When trying the cluster connection manually via python (which is what is current implemented in ceph-iscsi [1]) we can see that the error is coming from rados.pyx [2].

>>> import rados
>>> cluster = rados.Rados(conffile='/etc/ceph/ceph.conf', name='client.admin')
>>> cluster.connect()
Traceback (most recent call last):
  File "<stdin>", line 1, in <module>
  File "rados.pyx", line 1003, in rados.Rados.connect
rados.PermissionDeniedError: [errno 13] RADOS permission denied (error connecting to the cluster)

It's not clear for me what changed in the rados python binding recently that could explain this failure.

When adding the clustername parameter to the Rados class then it works again.

>>> import rados
>>> cluster = rados.Rados(clustername='ceph', conffile='/etc/ceph/ceph.conf', name='client.admin')
>>> cluster.connect()
>>>

[1] https://github.com/ceph/ceph-iscsi/blob/master/ceph_iscsi_config/common.py#L37-L49
[2] https://github.com/ceph/ceph/blob/master/src/pybind/rados/rados.pyx

Related issues 1 (0 open — 1 closed)

Actions

Copy link

Updated by Neha Ojha over 3 years ago

Priority changed from Normal to Urgent

Can you roughly point out a sha1 or timeline when you observed this in master? https://github.com/ceph/ceph/pull/33912 is the only recent change I can see in this area, which could possibly be responsible for this. Perhaps, you could try reverting 7e4275390c713b8728a3deab7058bf5e21c424cb and see if that helps.

Actions

Copy link

Updated by Dimitri Savineau over 3 years ago

Something around 10-12 august.

When I tried to debug this on august 12th this was already failing. I can try to find more information in the CI logs.

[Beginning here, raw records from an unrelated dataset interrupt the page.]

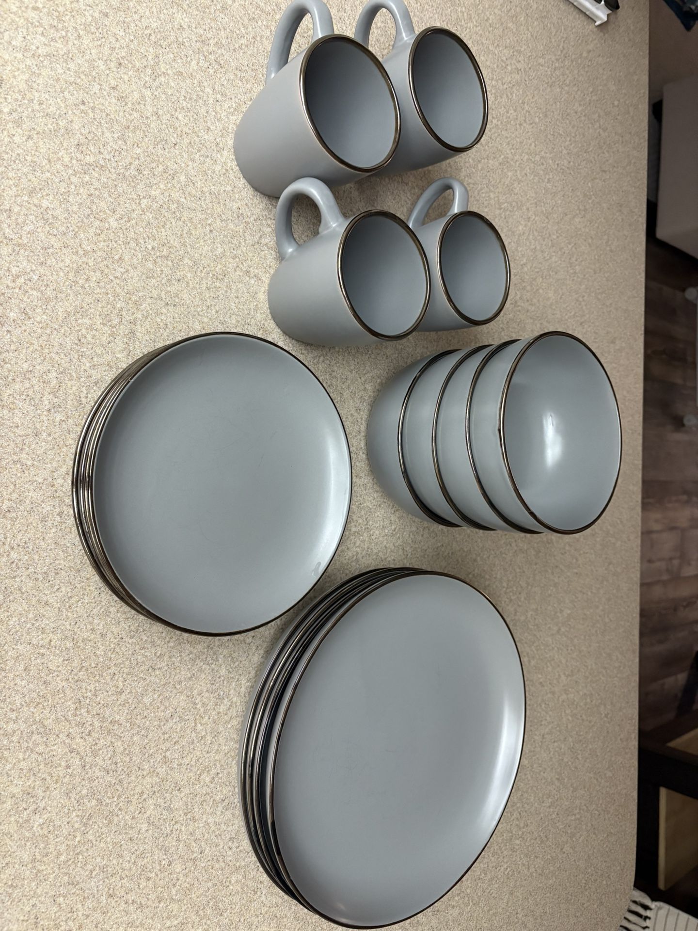 12 piece Grey Ceramic dish set with gold ring. One big plate has a small chip. $50 OBO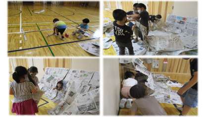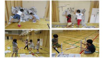 など,新聞紙を触りながら,やってみたいことをどんどん試して,思いついた活動を楽しんでいる様子がありました。新聞紙とたくさん仲良くなれました♪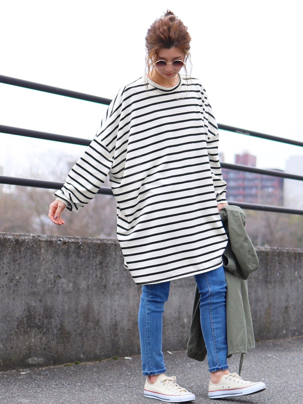 recastaff(reca)のワンピース「ビッグシルエットボーダーカットソー」を使ったコーディネート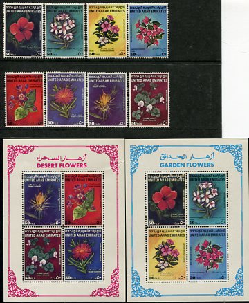 United Arab Emirates: 1990 (25 August). Flowers unmounted mint set and miniature sheets. Mi. 308/315 + Blocks 7, 8 –  Sg. 312/319, MS320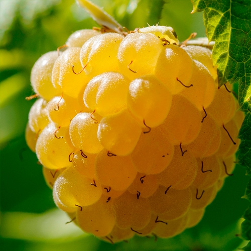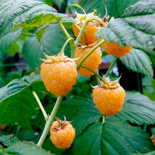 Кусты вырастают до 1,8 метра и имеют прямые побеги. Они крепкие и мощные, поэтому способны удерживать ягоды без дополнительной опоры. Шипы на кустах встречаются редко и не причиняют неудобств. Листья у растения крупные, гофрированные и тёмно-зелёные. Ягоды конусообразные, большие — весят от 6–8 до 10–11 граммов. Спелые плоды жёлтые с оранжевым отливом. Мякоть сочная, а вкус сладкий, медовый. Благодаря плотному сцеплению костянок урожай может храниться в холодильнике до 7 дней и транспортироваться на дальние расстояния для продажи. Сорт «Золотая Зюгана» не содержит красного фермента, поэтому он считается гипоаллергенным. Его можно употреблять людям с аллергией, беременным женщинам и детям. Этот сорт даёт высокий урожай — до 6 килограммов ягод с куста. Созревание плодов происходит в средние сроки: первая волна плодоношения приходится на июль, а вторая начинается в сентябре и продолжается до октября.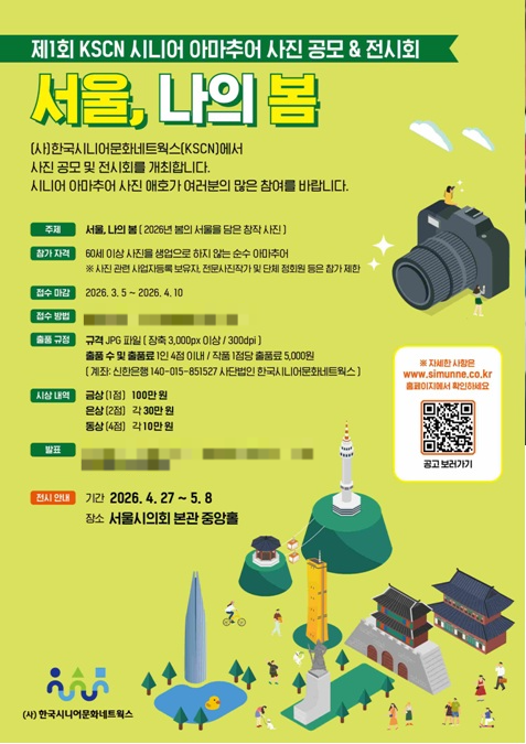 (사)한국시니어문화네트웍스(KSCN)는 ‘제1회 KSCN 시니어 아마추어 사진 공모&전시회’를 개최한다고 4일 밝혔다.

At the moment I can only tell you that 4fa1eaf is what was tested on august 12th.

Actions

Copy link

Updated by Neha Ojha over 3 years ago

Dimitri Savineau wrote:

Something around 10-12 august.

When I tried to debug this on august 12th this was already failing. I can try to find more information in the CI logs.

https://github.com/ceph/ceph/pull/33912 merged in the beginning of July so if you have a successful run from before then and none after that, it would explain why.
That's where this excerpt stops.